Milwaukee. -- City officials are understandably euphoric over Baltimore's success in securing one of the federal government's six $100 million urban-empowerment-zone grants. Mayor Schmoke will now be able to spend the next nine months launching project after project in the city's empowerment zones as he campaigns for a third term.
But in the long run, how much of a difference will the grant make to the future of city neighborhoods? Are we about to witness the dawning of "The Baltimore Renaissance -- Part Two?" Or will the new money merely raise expectations of neighborhood revitalization that cannot be met under current circumstances?
The infusion of $100 million will give an important boost to Baltimore's community-development efforts. The great virtue of the "empowerment zone" concept is that the resources will be geographically targeted, not dispersed and diluted throughout the city. The new funds will bolster existing revitalization efforts in neighborhoods like Sandtown-Winchester and around Johns Hopkins University Hospital in East Baltimore, perhaps enabling them to achieve a "critical mass" of reinvestment necessary to at least stabilize these communities.
However, given the magnitude of inner-city distress in Baltimore, $100 million is not a great deal of money. By contrast, the state and city are allocating $150 million for a new downtown Convention Center, and the city's latest capital budget includes more than $50 million for projects such as the Columbus Center and the Children's Museum. The point is not necessarily to argue against these other projects, but simply to point out that urban revitalization is an expensive proposition, and that $100 million will barely make a dent in Baltimore's pressing needs in housing, health care, public safety and employment.
Baltimore's recent history underscores just how difficult it is to turn neighborhoods around, even with healthy infusions of federal dollars. Since the early 1970s, two communities -- Park Heights and Upton -- have received more than $100 million (in current dollars) in urban-renewal funds, block grants, "action grants," and job-training expenditures. This figure does not include city-financed capital improvements, to say nothing of federal infrastructure expenditures such as the Metro stations built in both communities.

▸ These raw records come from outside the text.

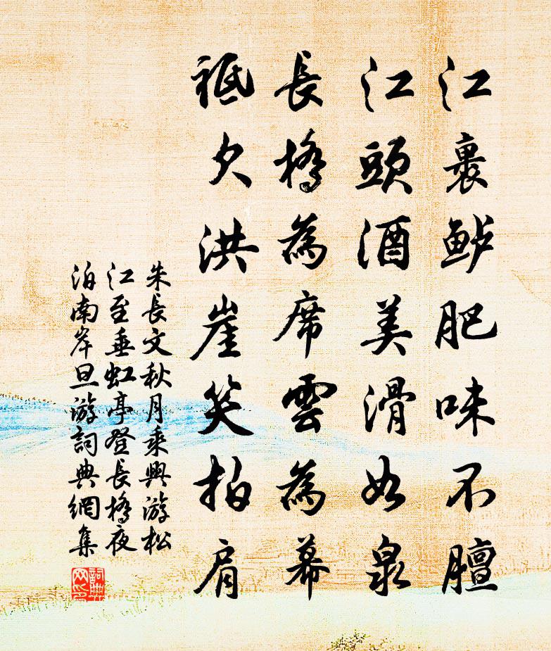 詩詞名句歷史字典書法欣賞書法字典國語詞典說文解字康熙字典古漢語字典標 題 作 者 詩 句 秋月乘興游松江至垂虹亭登長橋夜泊南岸旦游作者:朱長文 朝代:唐代原文江裹鱸肥味不膻,江頭酒美滑如泉。長橋為席云為幕,祗欠洪崖笑拍肩。詩詞問答問:《秋月乘興游松江至垂虹亭登長橋夜泊南岸旦游》的作者是誰?答:朱長文問:該詩寫於哪個朝代?答:唐代書法欣賞秋月乘興游松江至垂虹亭登長橋夜泊南岸旦游書法作品詩文賞析【原題】:秋月乘興游松江至垂虹亭登長橋夜泊南岸旦游寧境院因成十絕呈君勉且寄子通詩詞推薦虞美人·賦虞美人草辛棄疾〔宋代〕當年得意如芳草。日日春風好。拔山力盡忽悲歌。飲罷虞兮從此、奈君何。人間不識精誠苦。貪看青青舞。驀然斂次韻樂先生吳中見寄八首其范成大〔宋代〕幾多螻蟻與王侯,往古來今共一丘。遮莫功名掀宇宙,百年兩角寄蝸牛。采葛行吳泳〔宋代〕黃葛溪上生,青條谷中垂。薄言采其絲,緝彼綌與絺。縫作公子裳,遠寄閨人思。絺兮淒以風,不值當暑時。輕鮮習閒范成大〔宋代〕習閒成懶懶成痴,六用都藏縮似龜。雪已許多猶不飲,梅今如此尚無詩。閒看貓暖眠氈褥,靜聽猶寒叫竹籬。寂寞論詩三十首·二十九元好問〔金代〕池塘春草謝家春,萬古千秋五字新。傳語閉門陳正字,可憐無補費精神。武陵春佚名〔宋代〕柳綠花紅春爛熳。三生石修睦〔唐代〕聖跡誰會得,每到亦徘徊。一尚不可得,三從何處來。清宵寒露滴,白晝野雲隈。應是表靈異,凡情安可猜。永慶院送道原還儀真作詩要之王安石〔宋代〕歲暮青條已見梅,余花次第相爭開。淮南無此山林勝,作意春風更一來。挽鄭永福劉克莊〔宋代〕竹間梧畔故應佳,非但才高詩亦葩。世胄蚤通樞相譜,里人知是大魁家。誰言陶令才為米,不遣潘郎再種花。□□湘中館胡宏〔宋代〕館瞰瀟湘畫不成,波瀾入海是通津。風吹枕席清無夢,煙覆江城曉變春。柳色幾回輕別首,梅花偏見遠征人。誰能西江月薛式〔宋代〕一氣初回遇朔,鼎中神水溫溫。剛柔相會氣均勻。妙在無過渾沌。八卦循回循繞,推排九竅追奔。東西沈靜合朝昏魚相忘李石〔宋代〕通塗合西南,達人戒同異。二魚各自魚,是魚豈有二。濶處海茫茫,波濤適相戲。笑我湖上亭,鱗鬣紛族類。情知化人台易士達〔宋代〕富貴功名一窖塵,白頭人送黑頭人。若教總識玄玄理,劫火何曾焚法身。山水圖唐寅〔明代〕秋月攀仙桂,春風看杏花。一朝欣得意,聯步上京華。拋球樂詞劉禹錫〔唐代〕五彩繡團圓,登君玳瑁筵。最宜紅燭下,偏稱落花前。上客如先起,應須贈一船。春早見花枝,朝朝恨發遲。及看喜楊六侍御同宿(一喜下有與字)白居易〔唐代〕岸幘靜言明月夜,匡床閒臥落花朝。二三月里饒春睡,七八年來不早朝。濁水清塵難會合,高鵬低鷃各逍遙。眼看西湖徐僑〔宋代〕群巒回照紫瀰漫,坐攬湖光風不寒。最惜傍欄鳧鷺狎,往來不作眼生看。趙振文在城北廂兩月無日不游馬塍作歌美之請葉適〔宋代〕馬塍東西花百里,錦雲繡霧參差起。長安大車喧廣陌,問以馬塍雲未識。酴醾縛籬金沙牆,薜荔樓閣山茶房。高花游九鎖山張鎡〔宋代〕九鎖非凡境,煙雲路不分。山寒長帶雨,洞古不收雲。夜宿聽林鶴,晨炊摘野芹。黃冠皆好事,添注石爐熏。呈潘潭州十首趙蕃〔宋代〕梅花初出炯如冰,未許余花似我能。太息天公不加意,放教風雨苦侵陵。名句推薦譬猶使人負劍,而求其壽也。墨子《墨子·25章 節葬(下)》 此日六軍同駐馬,當時七夕笑牽牛。李商隱《馬嵬·其二》 請為父老歌,艱難愧深情杜甫《羌村三首·其三》 疏懶意何長,春風花草香。黃庭堅《菩薩蠻·半煙半雨溪橋畔》 故鄉歸去千里,佳處輒遲留。蘇軾《水調歌頭·安石在東海》 天涯海角悲涼地,記得當年全盛時。趙鼎《鷓鴣天·建康上元作》 荊吳相接水為鄉,君去春江正淼茫。孟浩然《送杜十四之江南 / 送杜晃進士之東吳》 勇於敢則殺,勇於不敢則活。文子《文子·卷五·道德》 卜以決疑,不疑何卜。李汝珍《鏡花緣·第十二回》 有梅無雪不精神,有雪無詩俗了人。盧梅坡《雪梅·其二》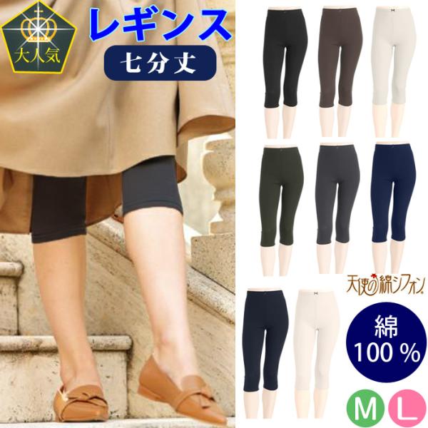 7分丈 レギンス 天使の綿シフォン 新色 綿100% スパッツ レディース ダブルガーゼ コットン 春夏 秋冬 保温 母の日 レディース 99087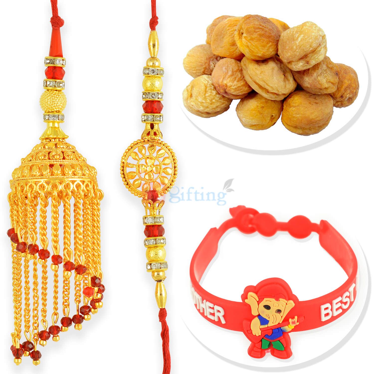 Buy Jhumar Pair Rakhi with Kids Rakhi and Apricot Dryfruits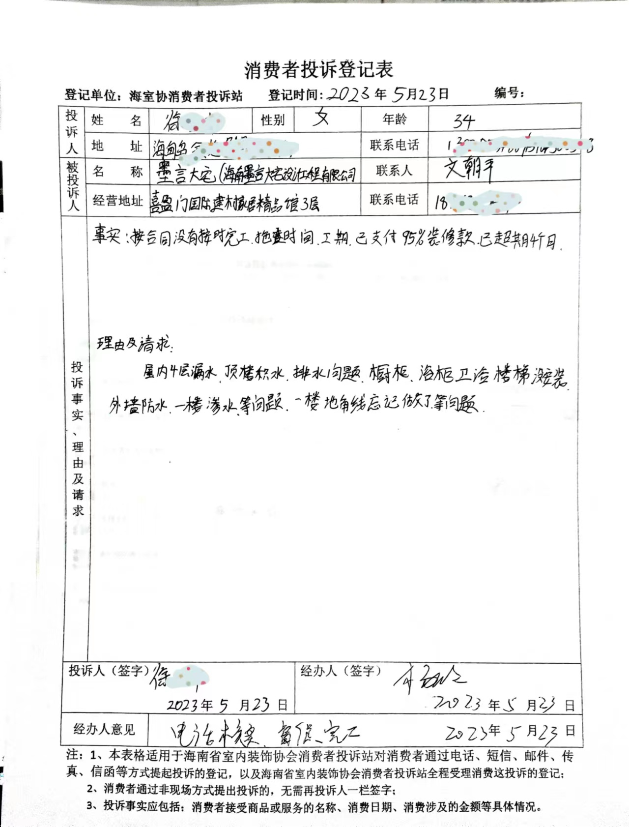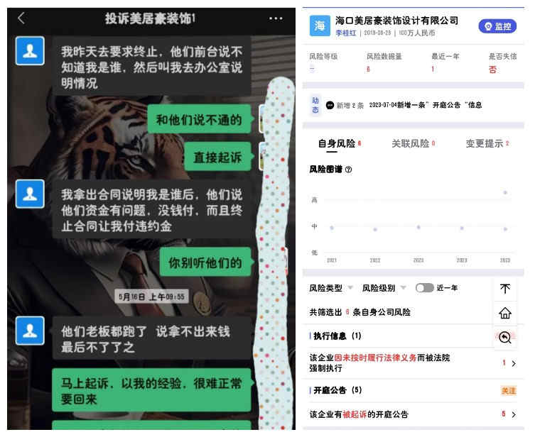 事由:目前收到该公司协会上门投诉2起,由媒体(直播海南栏目组)报送2起,电话咨询投诉3起。基本案件均是不能按期履约,业主申请退款后,迟迟不能退款,甚至在明知公司不具备履约能力的情况下,还在收业主的钱。据查,该公司利用电视媒体等宣传途径进行覆盖式宣传,通过价格优惠、家电赠送等方式吸引消费者,目前该公司已经不能正常运行,已涉及多起司法诉讼案件。提醒广大消费者、材料供应商、施工工人慎重选择与该公司合作;有合作纠纷的请做好证据保全,依法维权。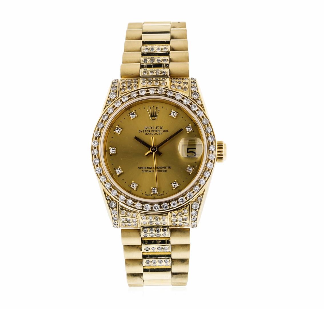 One 18K Yellow Gold Mid-Size Rolex Datejust Wristwatch w/ Diamonds, Serviced & Electronically Tested, 18K Yellow Gold Case: 30mm with Custom Diamond Lugs, 18K Yellow Gold Crown, Custom Bezel: 18K Yellow Gold Diamond Bezel, Diamond Count: 40 Diamonds. Crystal: Synthetic Sapphire Cyclops Lens. Movement: Automatic Winding Movement. Custom Dial: Champagne with Diamond Markers. Diamond Count: 10 Diamonds on Dial, Color: G to H, VS. Date Window: 3 O'Clock Position Date Display with Quickset, Model: 68278 Datejust Condition: Excellent working order and Good condition. Bracelet: 18K Yellow Gold President Bracelet with custom diamond end pieces, 18K Yellow Gold Hidden Clasp fitting a wrist up to 6.75 inches, with Rolex Logo.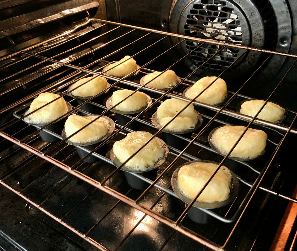 - Preheat oven to 375°F. Generously grease six 2/3-cup popover tins or nine 1/2-cup muffin tins.
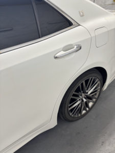 トヨタ クラウンの左リヤドア、リヤフェンダーの修理入庫です。
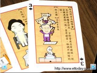 除了陳水扁以外,“紅心Q”上的陳水扁之妻吳淑珍拿著發(fā)票,旁邊寫“忙搜集股票、禮卷與發(fā)票。貪污被起訴。金孫穿戴英國名牌、吃高檔料理、都報公帳”;另外民進(jìn)黨2008參選人謝長廷,則在“方塊A”出現(xiàn),牌面寫著“立委謝長廷、跪拜宋七力、宇宙光明禮、一本賣兩萬”。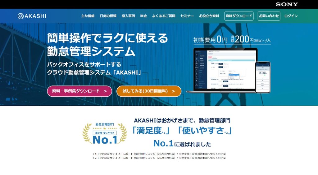 出典:クラウド勤怠管理システム「AKASHI」 | ソニービズネットワークス株式会社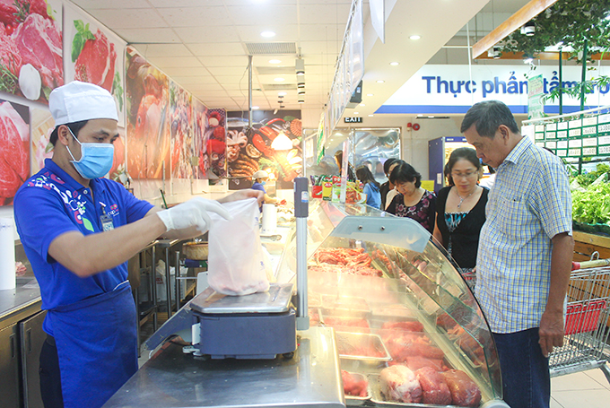 Người dân mua thực phẩm tại siêu thị Co.opmart Nha Trang. |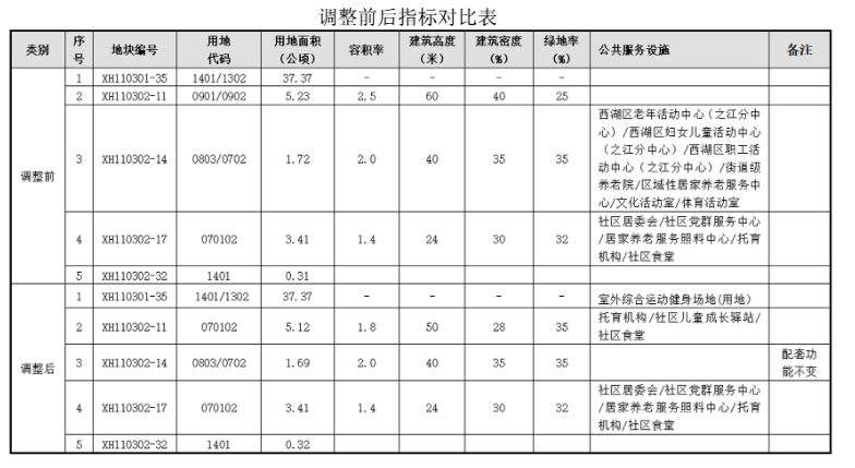 调整内容:拟将XH110302-11地块由商业用地兼容商务金融用地调整为二类城镇住宅用地,优化枫桦西路、梧桐环路局部道路红线,对XH110302-14、XH110302-32地块用地面积进行关联调整,并对XH110302-17、XH110301-35地块公共服务设施进行优化。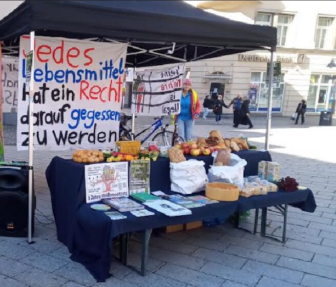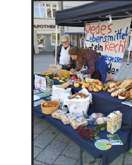 Dort nämlich waren Brote, Brezen, Äpfel, Paprika, Kartoffeln, Blumen, Berliner, Milch im Tetrapack und weitere haltbare und genießbare Nahrungsmittel ausgelegt. Gespendet worden waren sie am Morgen von Supermärkten, die diese Waren nicht mehr verkaufen konnten. Nicht weil sie etwas verdorben waren, sondern weil sie den überhöhten Standards der Lebensmittelindustrie und/oder den ebenso hohen Erwartungen der Konsumenten nicht entsprachen.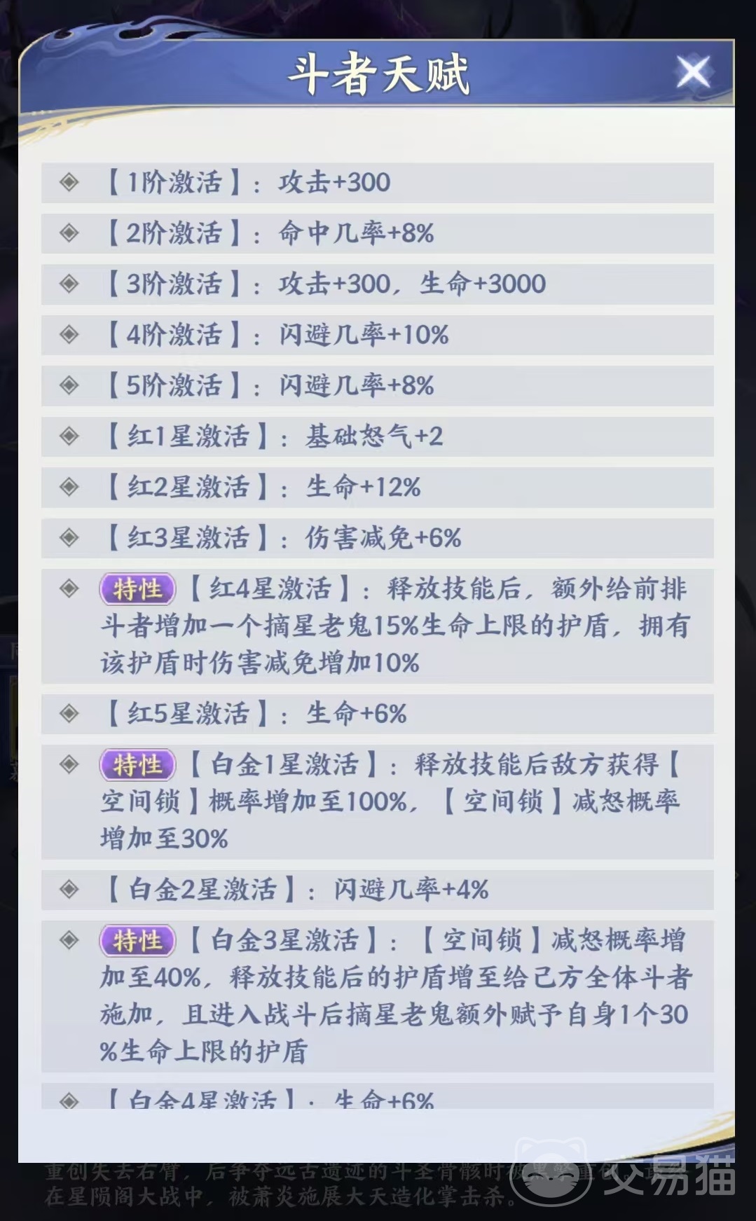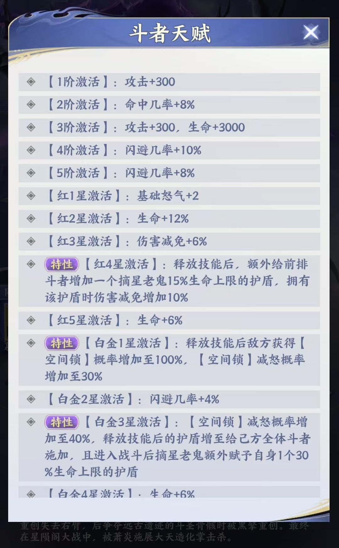 角色成长路径高度依赖星级突破:红四星解锁首层战术价值——释放技能时,为前排斗者附加护盾,提供稳定伤害减免;白金一星起,空间锁触发率提升至100%,且减怒概率同步增强;白金三星进一步扩展护盾覆盖范围至己方全体,并赋予摘星老鬼开局即享的初始护盾;粉彩一星新增反制机制:当其施加的护盾被敌方击破时,有概率触发目标眩晕效果。由此可见,该角色并非前期即战力,而是典型的养成向控制核心,越到高星阶段,对战局的掌控力越强。

No one would deny that many worthwhile projects have been accomplished in both neighborhoods. But no one would seriously argue that either community has been successfully revitalized, let alone stabilized; in fact, by most indicators, both Park Heights and Upton are much worse off today than they were in 1970. The history of community development in Baltimore offers a sobering antidote to unrealistic expectations that $100 million will inaugurate a "renaissance" in the new empowerment zones.
Moreover, as Newt Gingrich and his colleagues prepare to enact their "Contract with America," it is clear that Baltimore will not experience a net infusion of $100 million in federal funds. Deep cuts in programs at HUD, the Economic Development Administration and other programs that aid cities will reduce the flow of federal dollars to Baltimore. In some ways, the chief impact in Baltimore of the new empowerment-zone grants will be to mitigate some of the pain here that other cities will experience from the new budgetary climate in Washington -- a welcome development for Baltimore, but hardly a propitious circumstance for true community revitalization here.
Finally, the new grant comes at a time when Baltimore's tax base -- and hence its revenue to fund municipal programs and services -- continues to erode. Property values downtown, the bright spot in the city's economy, have declined since 1992. The continuing exodus of middle-class tax payers threatens further contraction of the city's precarious revenue base. In the long run, unless the city can rebuild its attractiveness to private-sector employers, the empowerment-zone grant will be of little consequence.
Ever since his first run for mayor in 1987, Kurt Schmoke's unofficial political motto has been: "Don't raise expectations too high." Now, however, as a result of his successful grantsmanship, expectations will unavoidably soar, far exceeding what can realistically be done with the resources the city will actually possess over the next few years.
Ultimately, despite the justifiable euphoria over the empowerment-zones grant, Baltimore's core problems will remain: a troubled school system, inadequate public safety, a culture of poverty and a regional economy that continues to pull employment and taxpayers from the central city to the suburbs. The new federal funds undoubtedly will offer important benefits to targeted neighborhoods. But until a meaningful regional-development plan is put into place, which recognizes the centrality to metropolitan well-being of a healthy Baltimore city and redirects resources accordingly, the prospects for long-term revival in city neighborhoods remains bleak.
Marc V. Levine is director of the Center for Economic Development and Urban Studies Programs at the University of Wisconsin-Milwaukee. He is completing a book, "The Rise and Fall of the Baltimore Renaissance."